The findings also challenge common assumptions about gender roles: Fathers of children under 18 are as likely as mothers (72% vs. 75%) to have supported another parent recently, and fathers tend to contribute financially more often. In terms of support from friends and extended family, assistance is often directed more toward immediate relatives rather than close friends, which may contribute to feelings of isolation among many new moms when they need care the most.
The Share the Care campaign launched by Philips and March of Dimes aims to address this gap. Their mission is to equip the public with the knowledge and motivation that helping a new parent can be uncomplicated—think delivering a meal, sending an encouraging text, or taking the baby for a brief period to allow mom a moment of peace.

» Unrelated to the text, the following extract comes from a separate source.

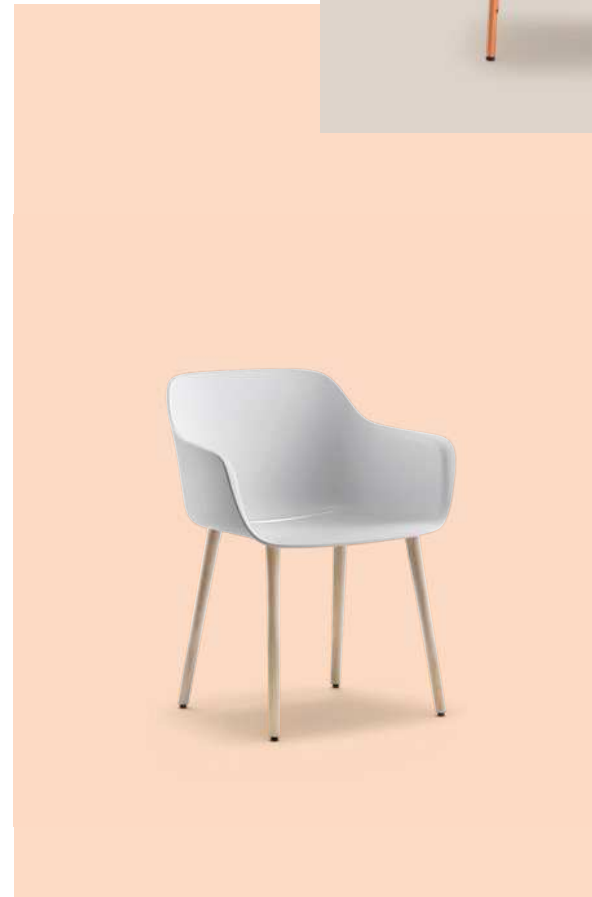
babila XL Art. 2734 Art. 2754

Polypropylene shell available in white, sand, black or recycled grey. Scocca in polipropilene disponibile in bianco, sabbia, nero o recycled grey.

In essence: don’t wait to be requested. Just show up.
A Crisis of Motherhood Hiding in Plain Sight
This report resonates with what experts and parents have been asserting for years: the framework of modern American parenting starkly misaligns with reality. Moms are expected to perform as if they don’t have children while raising those children as if they don’t work—while simultaneously pretending they require no help.
If every mother feels alone, then collectively, we are in this together. Seek help or extend it to another mom. Be the supportive community that was once needed. Because mothers are powerful agents of change.